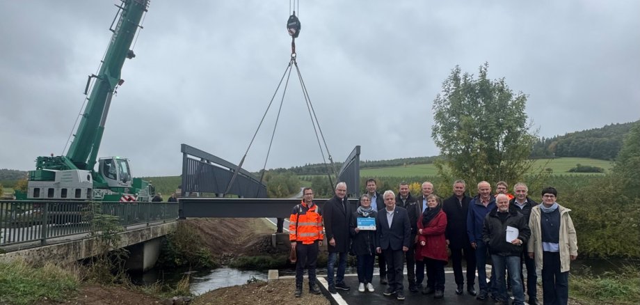 Caption: Between the state border with North Rhine-Westphalia and the Billinghausen estate in Diemelstadt, there was something exciting to watch: On behalf of the district, large prefabricated parts for the footpath and cycle path bridges were placed on the abutments of the bridges over the Diemel and the Mühlgraben. Representatives from the district, the town and the companies involved were also present. (Photo: District of Waldeck-Frankenberg)
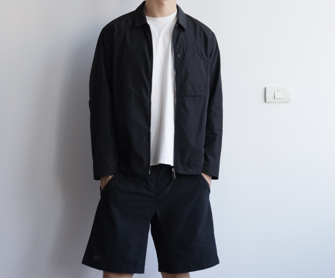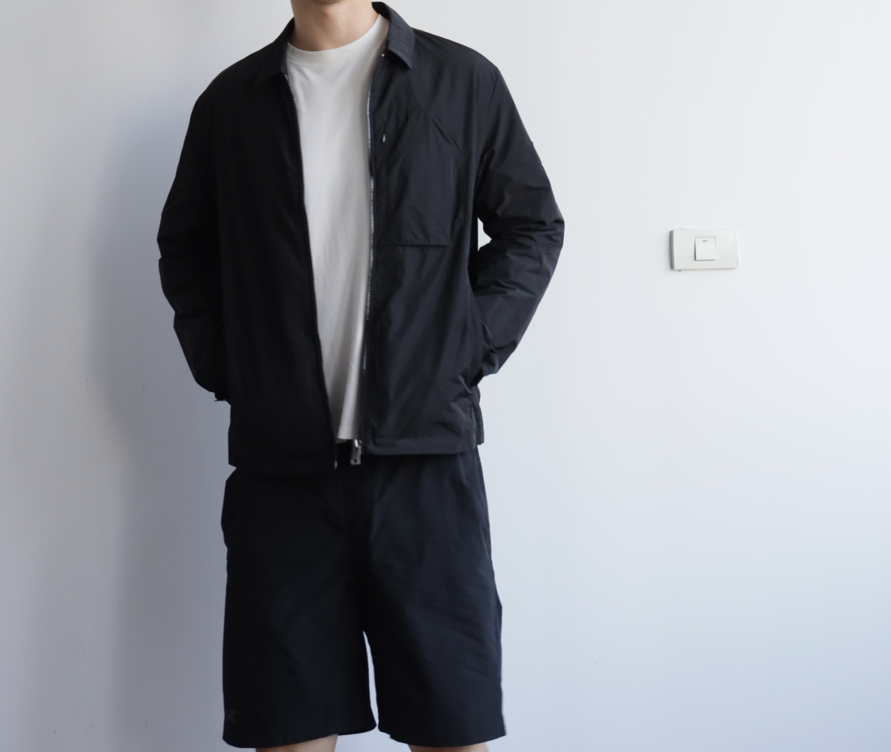 商务休闲,纯色几简,双层面料,两侧插袋拉链门襟
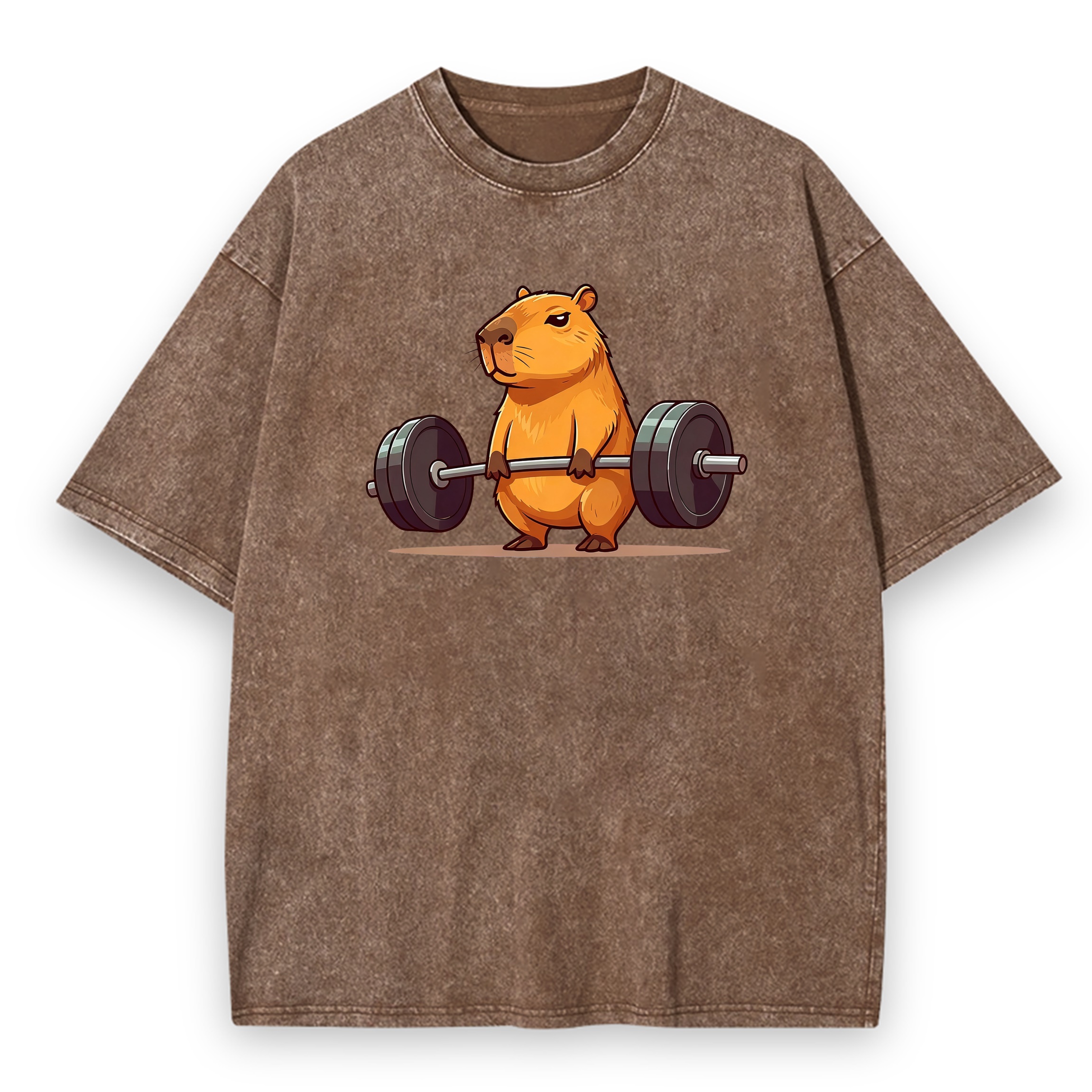Deadlift Capybara Funny Fitness Animal Funny Washed Vintage T-Shirt
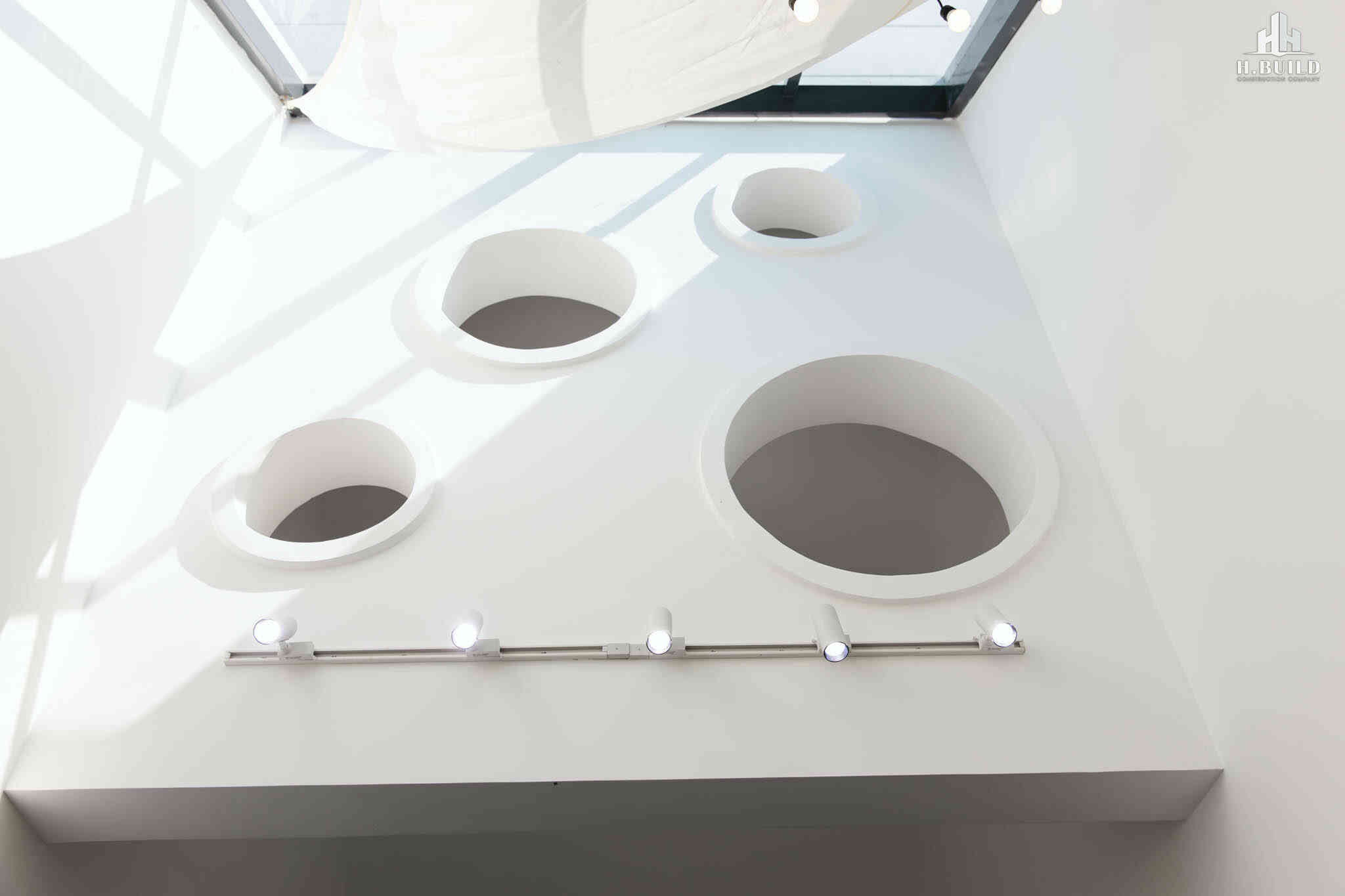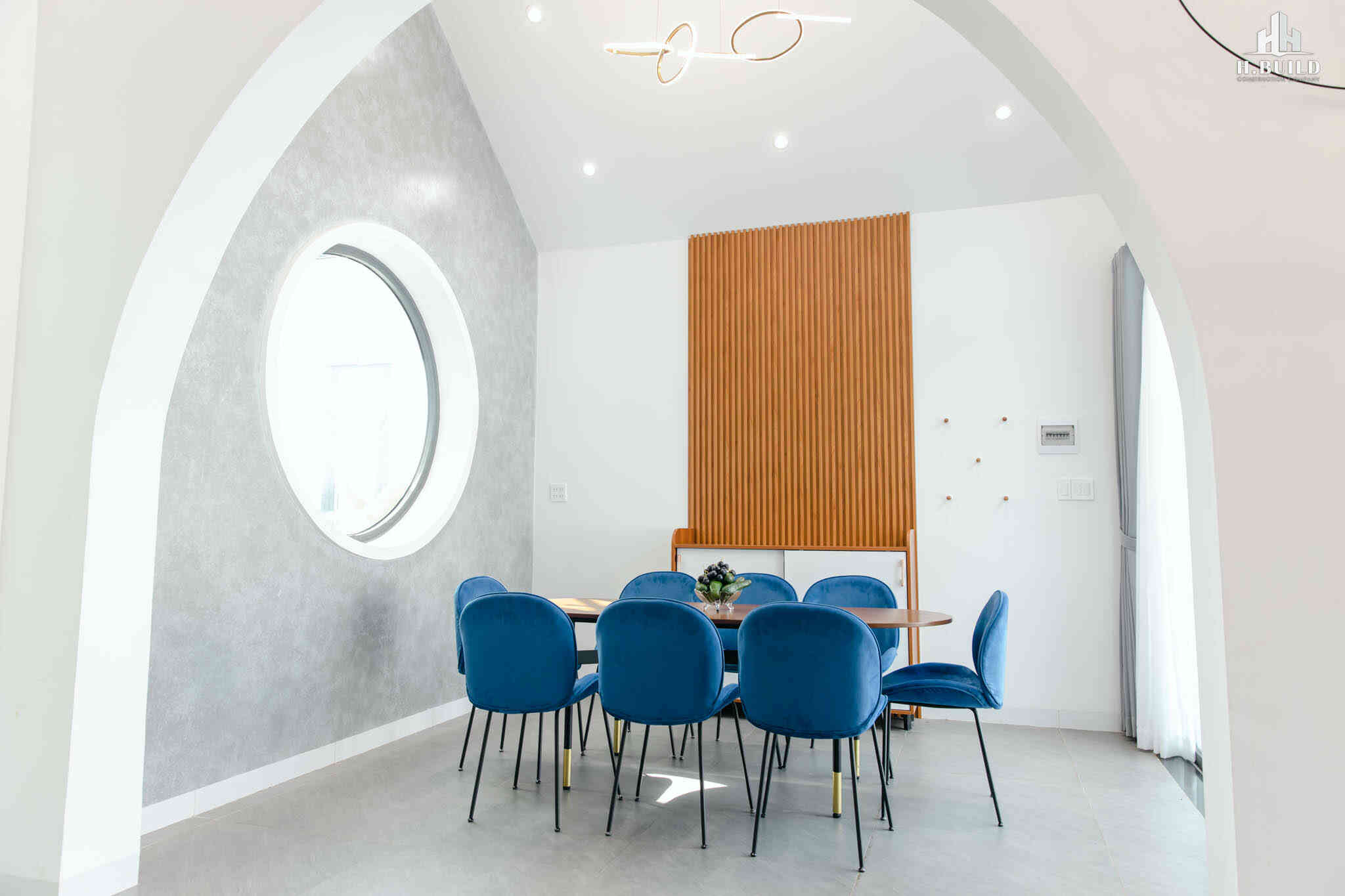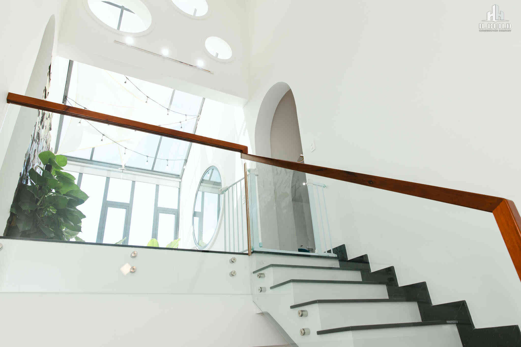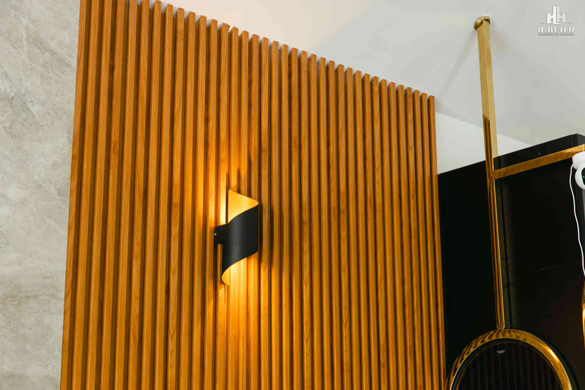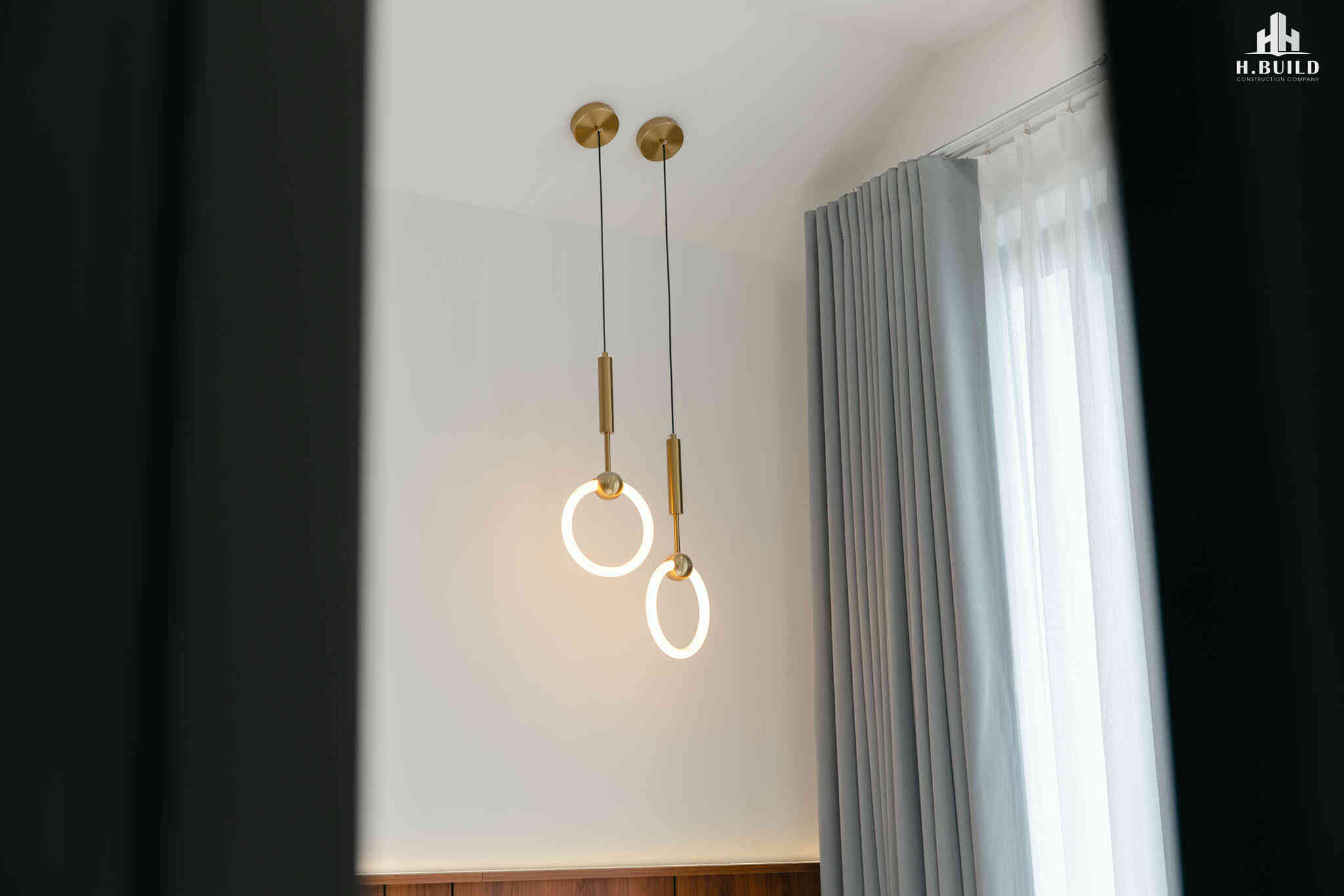Bên trong là một không gian “Home Resort” đúng nghĩa. Trần thông tầng cao vút, mảng tường hiệu ứng bê tông viền vàng kim loại và những vòm cong mềm mại tạo nên vẻ đẹp sang trọng nhưng đầy phóng khoáng.

----------------------------------------

*Task instructions*:
Starting with the line that holds "商务休闲,纯色几简,双层面料,两侧插袋拉链门襟", transcribe exactly each line through the last one of the material above, and nothing else. Do not include pictures.

*Final answer*:
 商务休闲,纯色几简,双层面料,两侧插袋拉链门襟
Deadlift Capybara Funny Fitness Animal Funny Washed Vintage T-Shirt
Bên trong là một không gian “Home Resort” đúng nghĩa. Trần thông tầng cao vút, mảng tường hiệu ứng bê tông viền vàng kim loại và những vòm cong mềm mại tạo nên vẻ đẹp sang trọng nhưng đầy phóng khoáng.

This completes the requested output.